Hope that helps your thought process.

Answer 2

The performance of all your methods are in O(1) as they are merely indexing an array or checking against the value of top.

In the body of main the for loop is executed 5 times, performing 5 pushes, thus O(5 * 1) = O(n) because the stack has size n = 5.

Afterwards the while loop will pop the stack until it's empty. Because the stack can only contain 5 elements(which is also the size of it) this is again O(5 * 1) = O(n) again.

So you can assume it is in O(2 * n) which yields O(n).

Answer 3

Data structure complexity of an operation is always calculated against the number of element it holds, is shows maximum time it will take with the increase the number of elements.

Eg : How much time will it take to search an element in "B-Tree" given that there exists n number of elements already in it.

In B-Tree search time is O(log n), means that the maximum search time will grow as a function of log n (see the Big-O Complexity graph).

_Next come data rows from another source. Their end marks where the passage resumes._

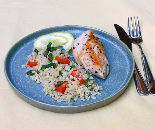 A csirkemelleket vágjuk ízlés szerinti vastagságúra, majd sózzuk és borsozzuk meg. Egy közepes méretű serpenyőben melegítsük fel az olajat, majd süssük benne aranybarnára a csirkemelleket közepes lángon, oldalanként kb. 5-6 perc alatt (ez nagyban függ a hús vastagságától is, lehet ennél kevesebb vagy több is). A kész húst hagyjuk a serpenyőben, fedő alatt, hogy ne hűljön ki. A bulgurt tegyük egy kisebb vagy közepes méretű lábasba, alaposan mossuk át, csepegtessük le, majd öntsünk rá kb. 1-1,5 dl forró vizet. Hagyjuk állni, hogy a bulgur magába tudja szívni a vizet. A koktélparadicsomokat mossuk meg, majd vágjuk félbe vagy negyedekbe, és adjuk hozzá a kész bulgurhoz. Csepegtessük rá a citrom levét is, illetve a friss, aprított petrezselymet is adjuk hozzá, és finoman forgassuk össze az egészet. Együtt, melegen tálaljuk.
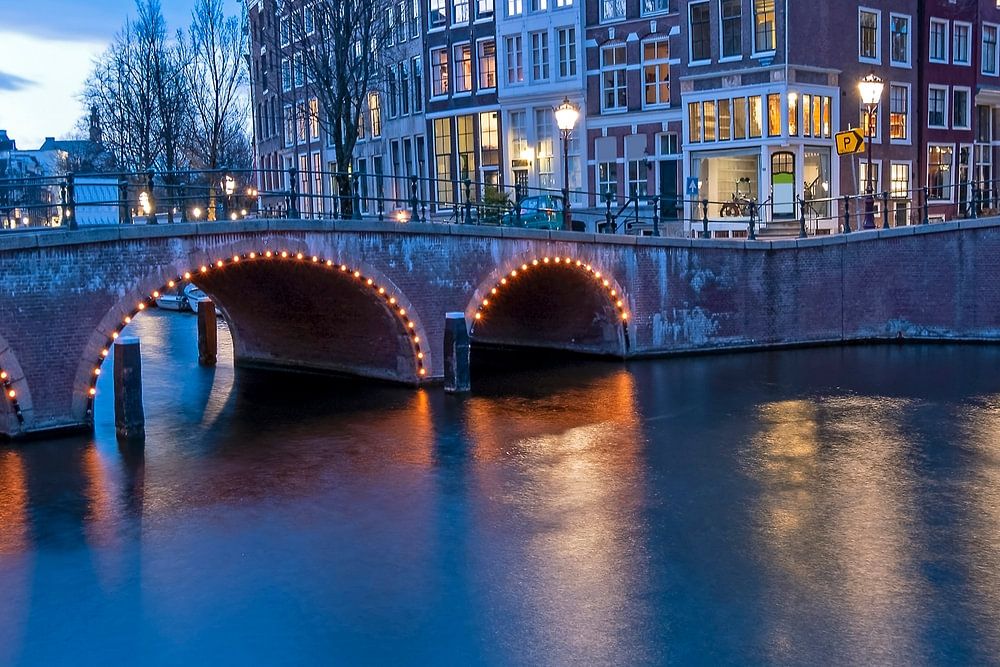 Cityscape of Amsterdam on the Keizersgracht at sunset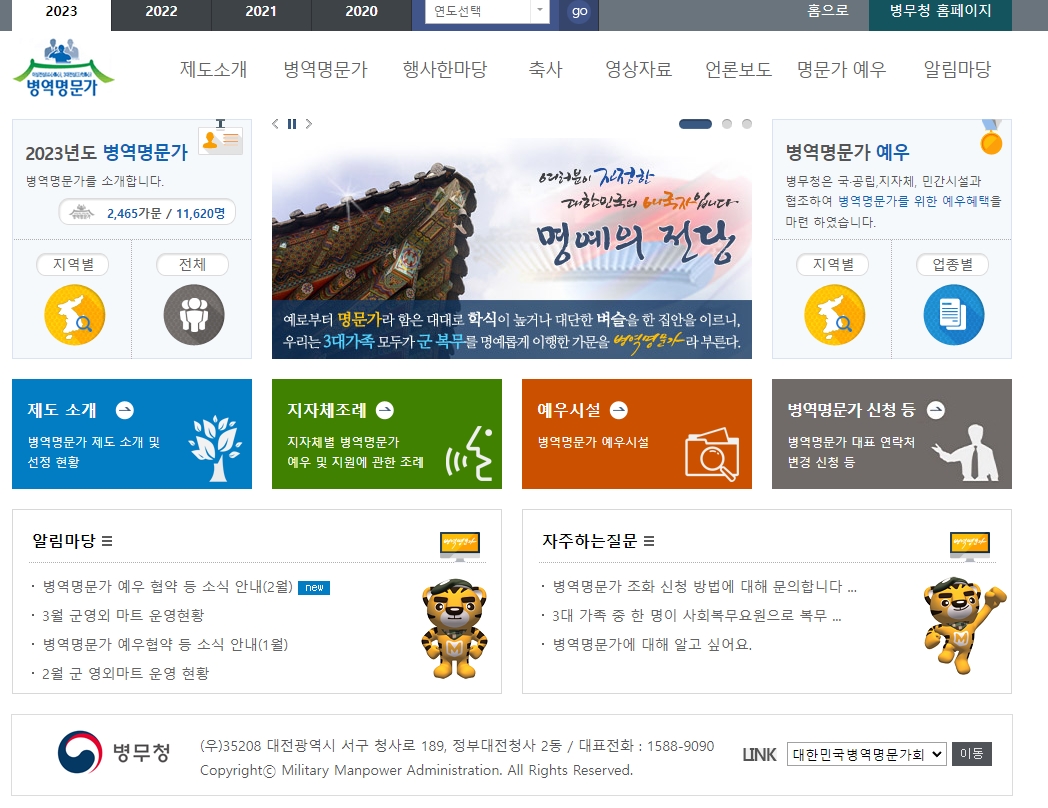 병역명문가 홈페이지 (www.mma.go.kr/hall/index.do)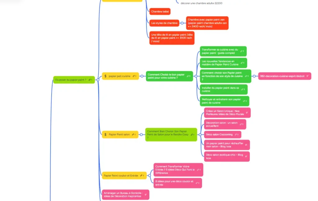 Pour cet exercice, l’utilisation d’un outil de mindmapping est le plus efficace ! Commencez par regrouper, classer les pages existantes par thématique. Dans l’exemple suivant, un consultant SEO 410 Gone a classé des contenus pour une boutique vendant des papiers peints.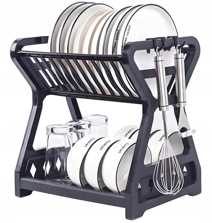 ✔ Практическая двухуровневая сушилка сосудов и столовых приборов сушилка, предназначенная для десертных тарелок, маленький ужин или суп. Он размещает пластины с диаметром максимума 21 см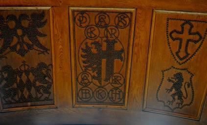 Keywords: Memmingen Rathaus Kriegswahrzeichen Nagelbilder 04.jpg Memmingen Rathaus Treppenhaus žKriegswahrzeichen von 1918 bestehend aus einem Glasfenster mit Soldatenmotiv und Nagelbildern mit Wappen own own photograph 2011-11 Photo Andreas Praefcke Kriegswahrzeichen Rathaus Memmingen Photos by User AndreasPraefcke Coats of arms of Memmingen |
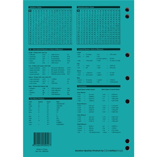 4 year calendar, activity page, maths tables & red margin.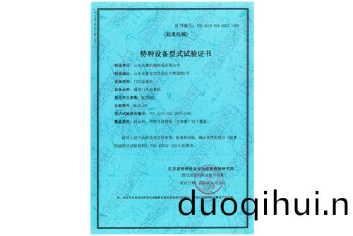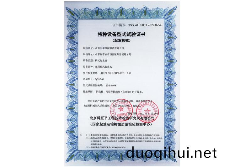 通(tong)用(yong)門式(shi)起重(zhong)機(ji)型式(shi)試(shi)驗郃格(ge)證(zheng)

In your case to implement the stack you have used an array and you have multiple oprations, but your operations does not depend on the element which carry in your stack, because complexity of get an element in a specific location is O(1). So all your operation takes O(1) time.

push - O(1)

pop - O(1)

isFull - O(1)

isEmpty - O(1)

But if you implement search in your stack, check whether given long is in your stack then the search depends on the elements where you have to iterate all the elements and the complexity will be O(n).